A nouvelles raretés, nouvelle économie

Rareté des matières premières, rareté de l'eau, rareté de l'énergie, les défis à relever pour notre planète sont immenses. L'homme moderne vit à crédit écologique, mais il existe un remède à ce mal : l'économie circulaire. En bouclant les cycles de la matière, de l'eau ou de l'énergie, cette « autre » économie permet à l'économie de croître, tout en faisant décroître les prélèvements dans la nature. Avec elle, les déchets des uns deviennent systématiquement les ressources des autres : elle est une économie de la récupération et de la réutilisation, mais aussi et surtout une économie de la recréation.

Portée par la croissance démographique et l'élévation du niveau de vie, la demande en matières premières explose, avec pour corollaire le triplement de leur prix depuis 2000. 

Or, nous le savons tous, la mobilisation sans fin de la nature n'est plus possible, et déjà, plusieurs pénuries s'annoncent.
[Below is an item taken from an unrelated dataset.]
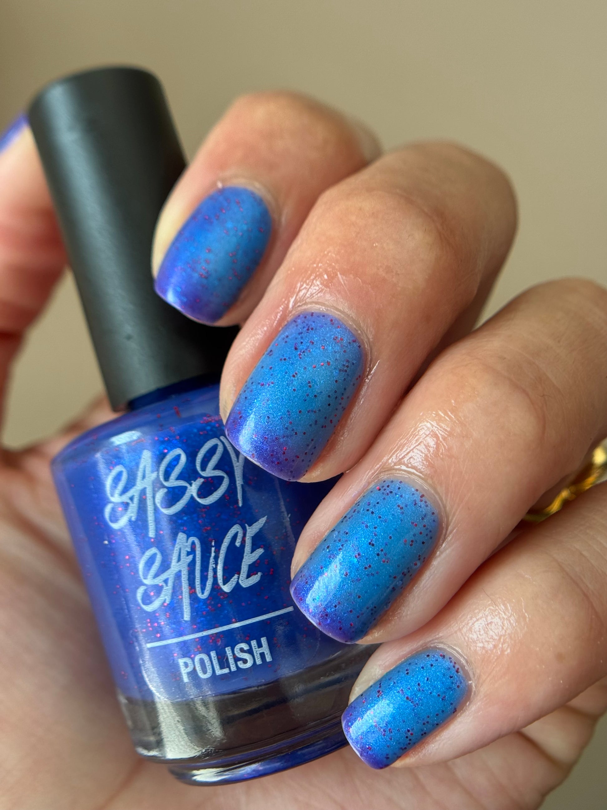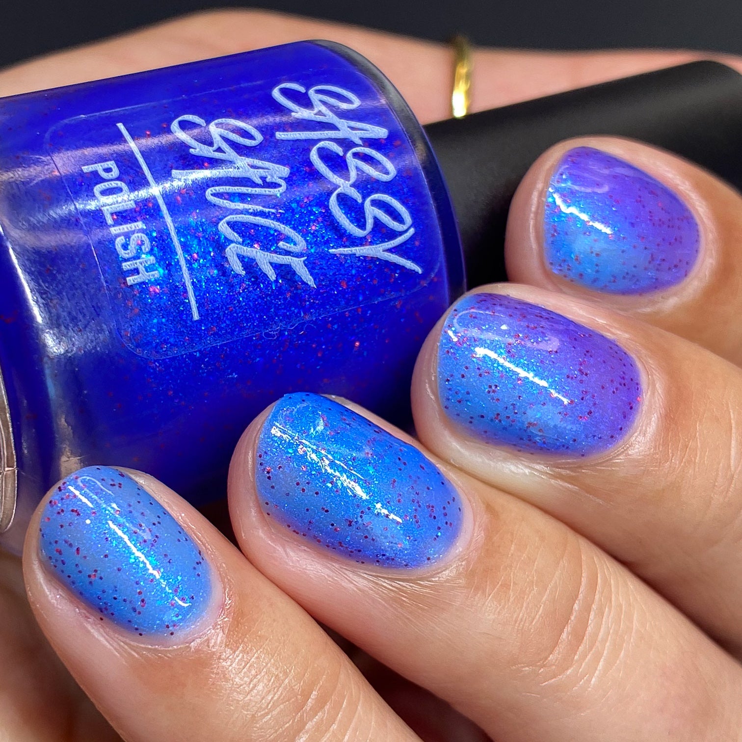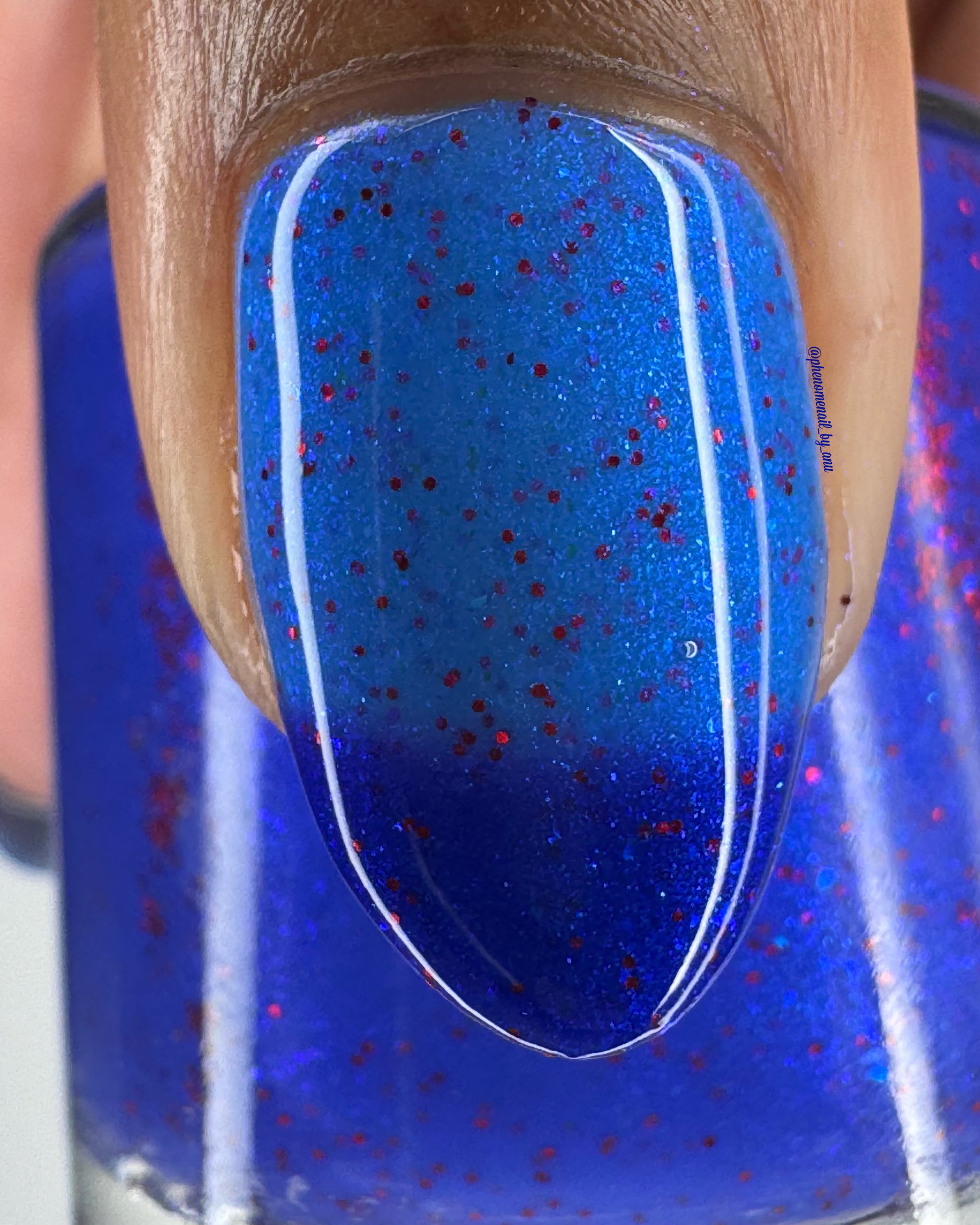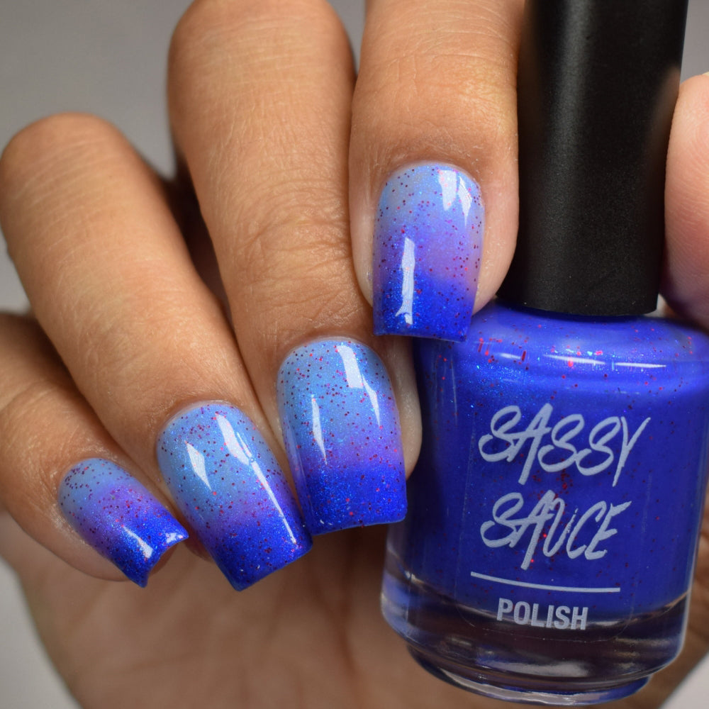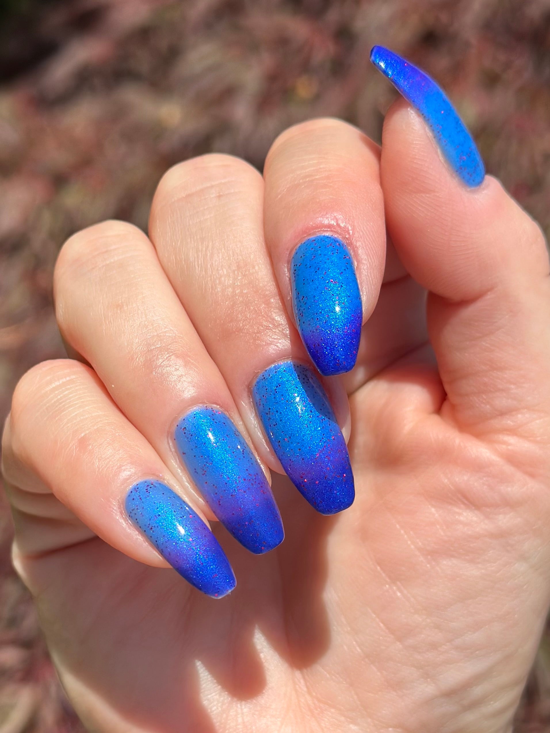 A sapphire (cold) to light blue (warm) thermal with a glowey blue shimmer and red micro glitter. This one was a request from Jessica Reed-Schmid to match a pair of her favorite shoes. Hunt her down at expo, sha may have the shoes on and will probably be wearing the polish. She is a super human with a heart of gold!!!

Comment donc passer le goulot d'étranglement entre des ressources qui se raréfient et des besoins qui augmentent ? En redonnant une valeur à ce qui n'en avait plus. Tout l'enjeu de l'économie circulaire est là. A sa base, se trouve une idée simple, mais complexe à mettre en œuvre : s'affranchir de la logique linéaire « Extraire – Fabriquer – Jeter », en organisant un recyclage permanent des mêmes ressources, dans un cycle sans fin, ou presque. Ainsi, la chaleur fatale des Data Centers devient chauffage urbain, les eaux usées deviennent bioplastiques, les déchets organiques deviennent engrais, les biogaz deviennent électricité, les huiles alimentaires usagées deviennent biocarburants…

Le potentiel de l'économie circulaire est énorme. Grâce à elle, le monde pourrait économiser chaque année 1 000 Md$ de ressources naturelles, selon la Fondation Ellen McArthur. De fait, les déchets des pays développés constituent la plus grande mine de matières premières du XXIe siècle.
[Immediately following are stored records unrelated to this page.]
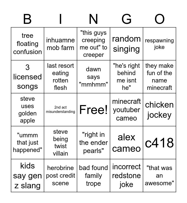 This bingo card has a free space and 24 words: steve being twist villain, herobrine post credit scene, dawn says "mmhmm", kids say gen z slang, respawning joke, tree floating confusion, 3 licensed songs, inhuamne mob farm, minecraft youtuber cameo, "right in the ender pearls", "he's right behind me isnt he", steve uses golden apple, alex cameo, c418, last resort eating rotten flesh, incorrect redstone joke, chicken jockey, "this guys creeping me out" to creeper, they make fun of the name minecraft, 2nd act misunderstanding, "that was an awesome", "ummm that just happened", random singing and bad found family trope.
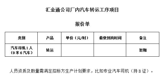 汇金通公司厂内汽车转运工序项目公开招标公告
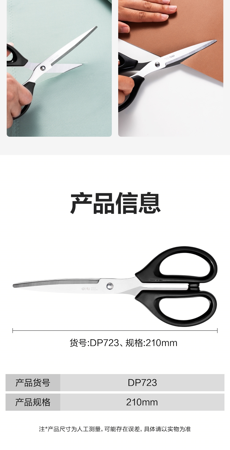 商品标题:得力DP723办公剪刀210mm(黑)(卡)
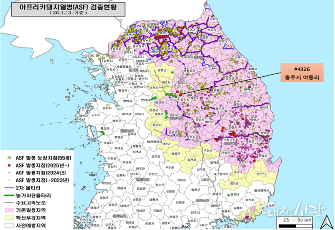 ◈ASF 확진 및 의심농가 위치(주황색: 사육돼지 발생, 보라색: 감염멧돼지, 파란색: 최근 1개월간 추가 양성멧돼지)
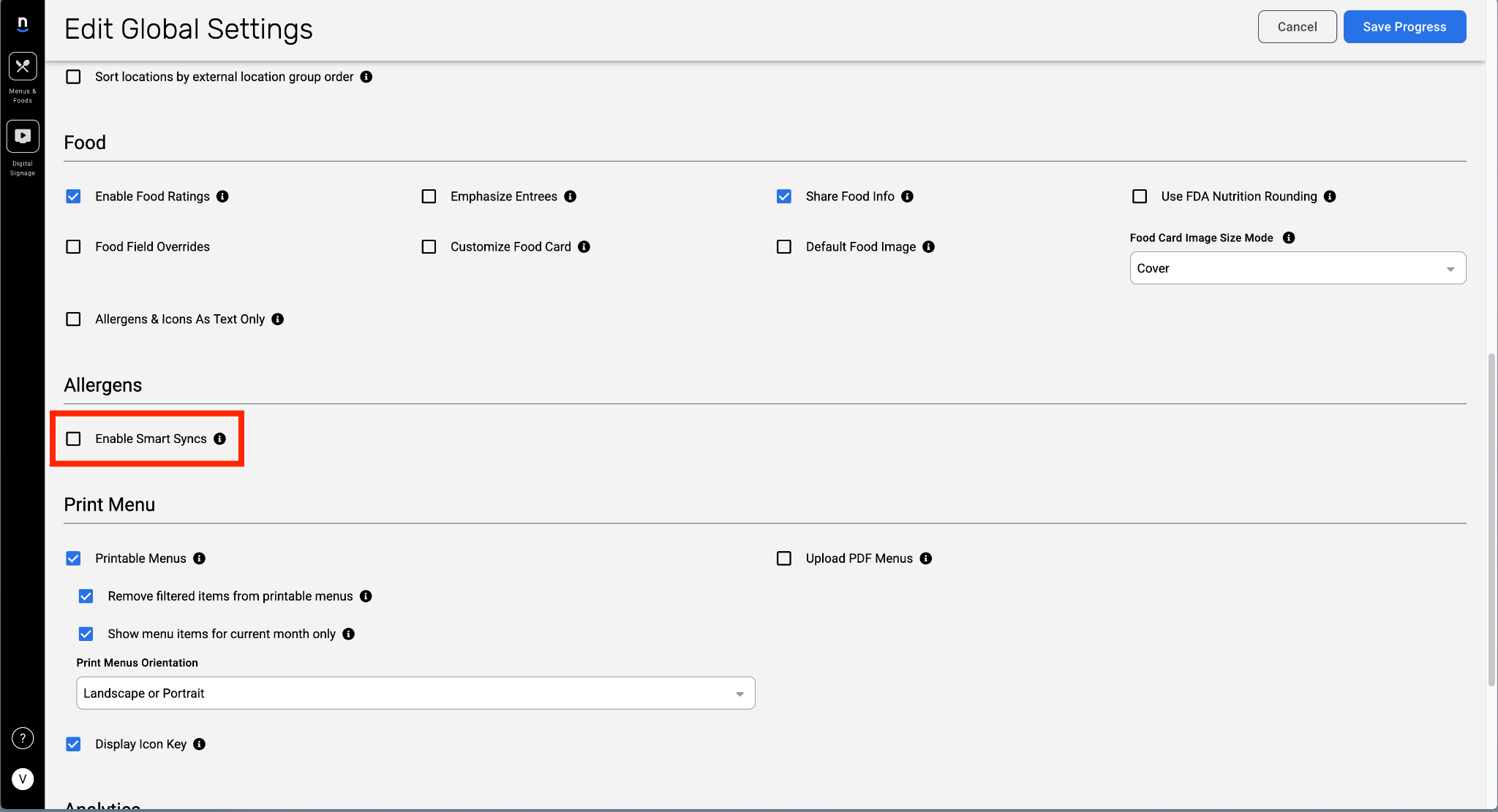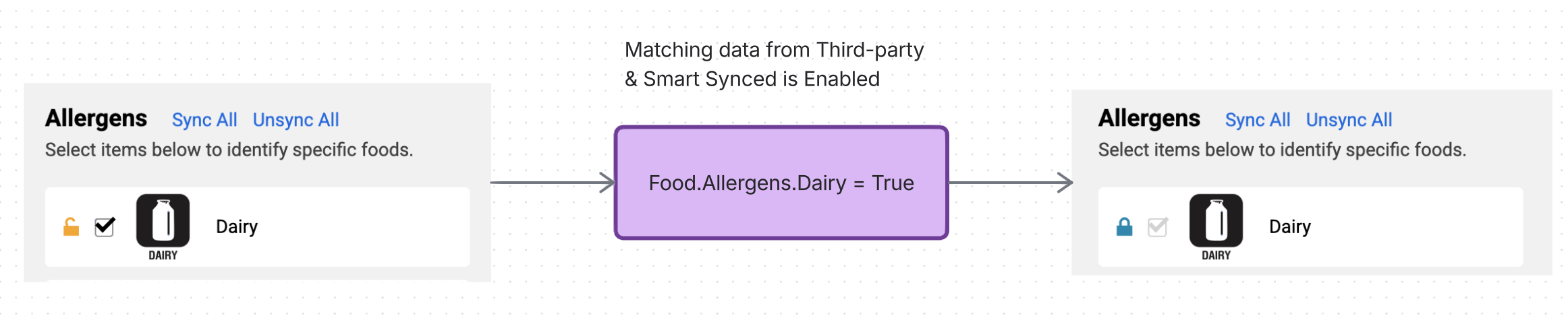 | Enable Smart Syncs | Toggle switch. When ON, any matching allergen information from your integration will automatically be re-synced to the food going forward. Tooltip: Any matching information between your integration and allergen settings will be automatically synced. |
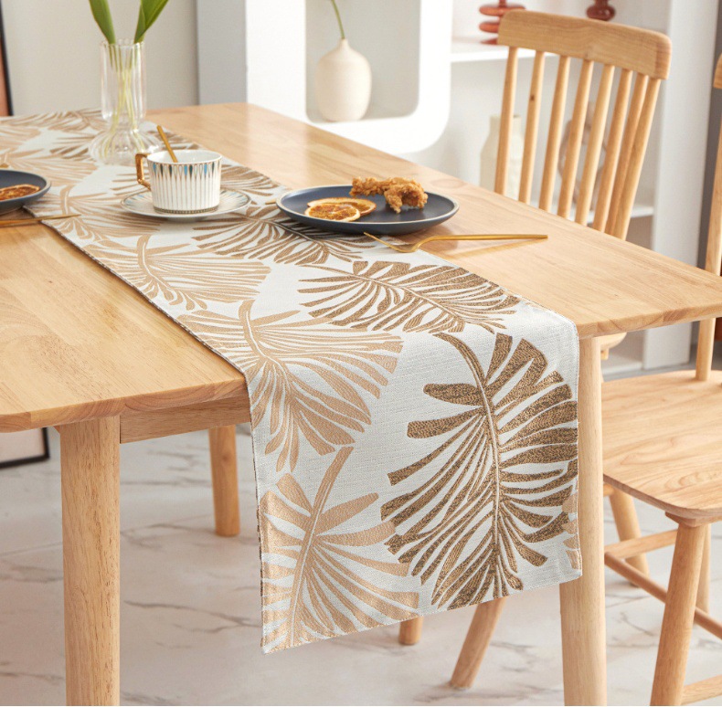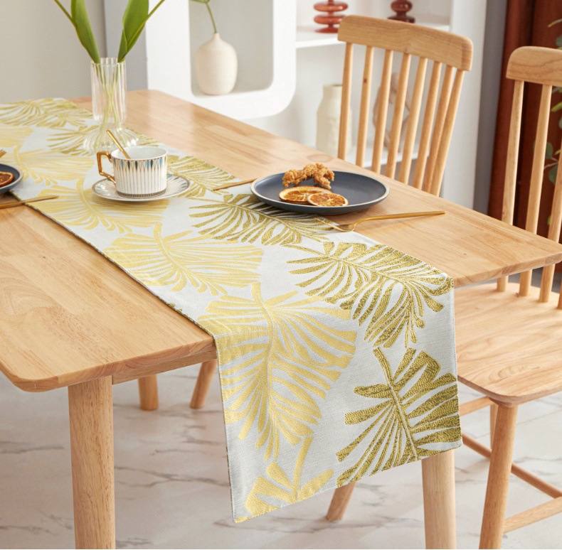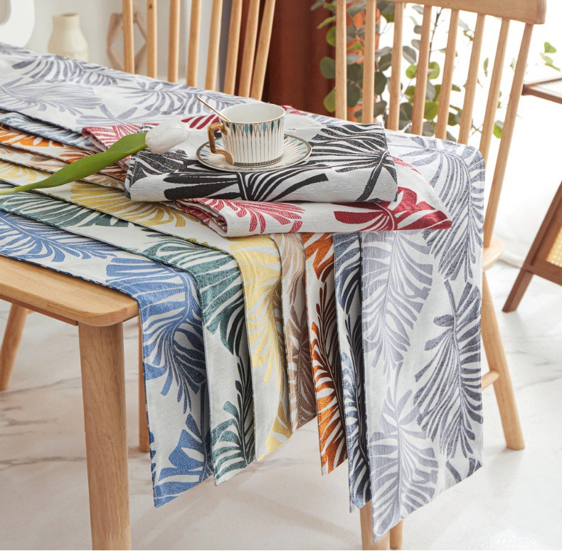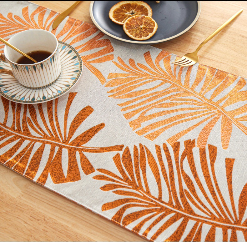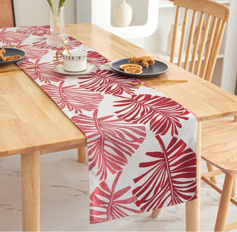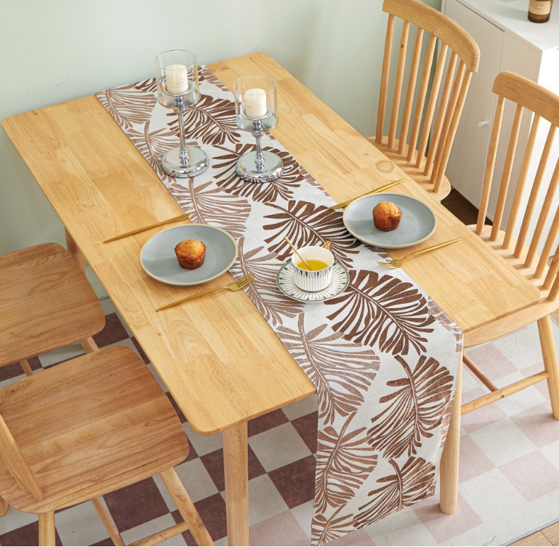 ins北欧风双面花卉棕树叶亚马逊新品桌旗客厅茶几垫桌布居家装饰

Quand sonne l'heure de la rareté, l'économie circulaire permet aux acteurs économiques de sécuriser leurs approvisionnements, mais aussi de réduire leurs dépenses et créer des recettes additionnelles. Elle ne relève pas exclusivement de préoccupations environnementales ; elle est, pour les territoires, facteur de développement, et, pour les entreprises, source de compétitivité et de richesses. Dans certains cas, l'enjeu va bien au-delà, puisqu'elle renforce l'indépendance des pays pauvres en ressources naturelles.

verre récyclé

Cette autre économie est déjà une réalité pour les métaux ferreux, le papier ou le verre, dont les taux de recyclage dépassent 90 % dans de nombreuses villes. Mais tant reste à faire. Sur 4 milliards de tonnes de déchets produits chaque année dans le monde, seul 1 milliard est valorisé ; à l'échelle de la planète, à peine 2 % des eaux usées sont réutilisées... L'économie circulaire s'étend, mais trop peu, trop lentement. 
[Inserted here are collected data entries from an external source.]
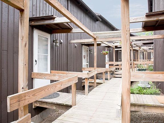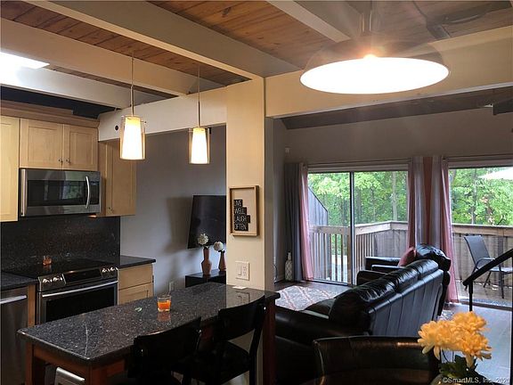 Country charm, woodsy feel, lots of lovely outdoor space. Remodeled loft style condo. Plenty of character & charm. Double sliders leads to expansive deck. Cathedral wood ceilings, open floor plan. Spiral stair case to loft bedroom w/ large closet & master bath, Central air. Club house, in ground pool, carport, storage area, picnic area w grill. These condos are atop a hill with winter views of the the surrounding area. This tree lined property will make you feel like you have gotten away from it all. But don't be fooled easy access to near by shoping and highways. Very convenient location. Unit feels much larger than it is with the cathedral ceilings and open loft.
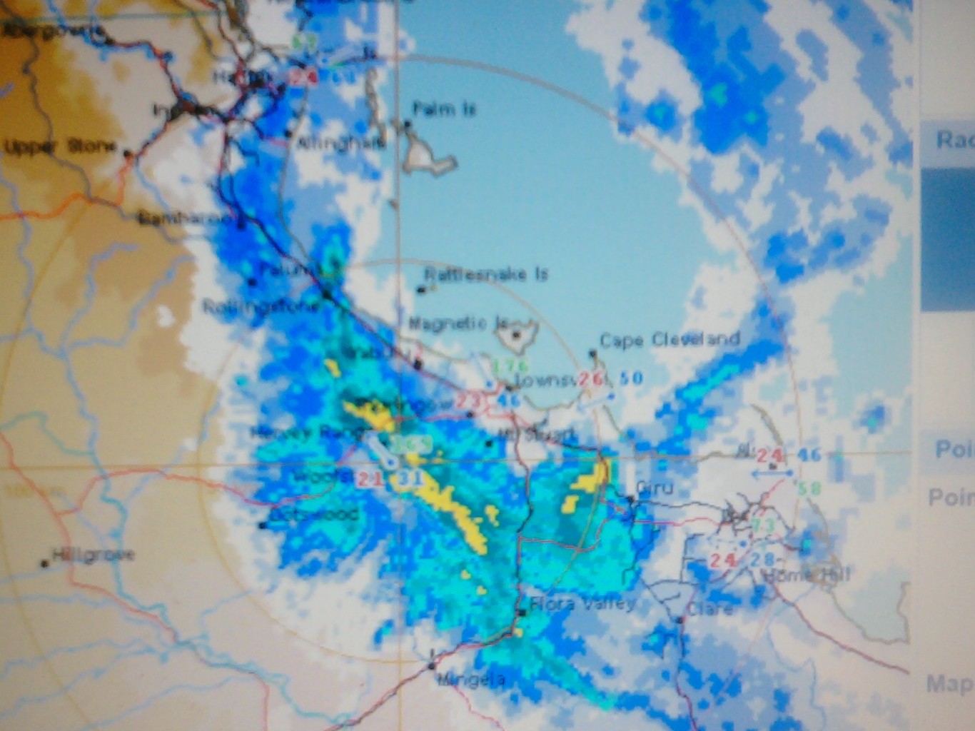 At the moment we are in the eye of the cyclone, and there are 5m waves breaking on the beach at Horseshoe bay. There is some idiot out in the bay on his yatcht, on a mooring , with no motor, withhis sails up. Its going to come in strong northerly , up tp 60knots, by mid morn.Ihave called the coast guard, but what else can you do.Here is a pic of the current weather radar.
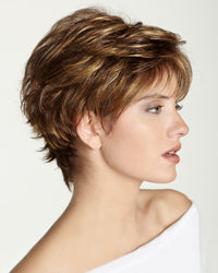 Frisco can be flipped up or down at the back with short straight layered hair at the top. A mono cap construction allows realism and comfort. Effortless beauty and versatile styling with the appearance of hair growth from a natural looking scalp. Easy care and wear in silky soft synthetic hair fiber combines with a lightweight design. Perfect for women with hair loss.

Il y a plusieurs raisons à cela. D'abord, le tri manuel des déchets : il demeure coûteux dans les pays développés. Ensuite, le prix de la matière transformée, souvent trop cher par rapport à la matière première brute ; d'où la nécessité d'aides financières initiales. Enfin, la réticence des industriels à utiliser des matières recyclées, qu'ils considèrent comme du second choix. Afin de surmonter leur réserve, il faut leur procurer les mêmes garanties de qualité, de pérennité et de régularité des flux que pour les matières vierges.

Pour que l'économie circulaire se généralise, nous devons accroître nos efforts d'innovation et de coopération. D'innovation, car c'est elle qui permettra de réinjecter davantage de matières usagées dans les chaînes de production. Ainsi, après des années de recherches, nous avons ouvert en Angleterre une usine capable de récupérer, dans la poussière des voiries, les particules de métaux précieux tels que le platine, le palladium ou le rhodium, qui sont rejetées par les pots d'échappement des voitures. De coopération, car transformer les déchets ne suffit pas ; il faut aussi assurer la connexion avec des clients prêts à les acheter en tant que matières premières secondaires.

Nous sommes à l'aube d'une révolution industrielle : celle de l'économie circulaire. Antidote à la surexploitation de l'environnement et aux prévisions catastrophistes, cette économie plus sobre et plus efficace prolonge le cycle de vie des matières premières, de l'eau, de l'énergie. La leçon qu'elle nous donne n'est pas théorique, elle repose sur les faits, elle s'inspire de la nature dans laquelle tout est ressource. En transformant les déchets en ressources, l'économie circulaire imite le fonctionnement des écosystèmes, et, comme eux, cherche à faire disparaître le concept même de déchet. Il y a sept siècles, Léonard de Vinci conseillait déjà : « Va prendre tes leçons dans la nature, c'est là qu'est notre futur ».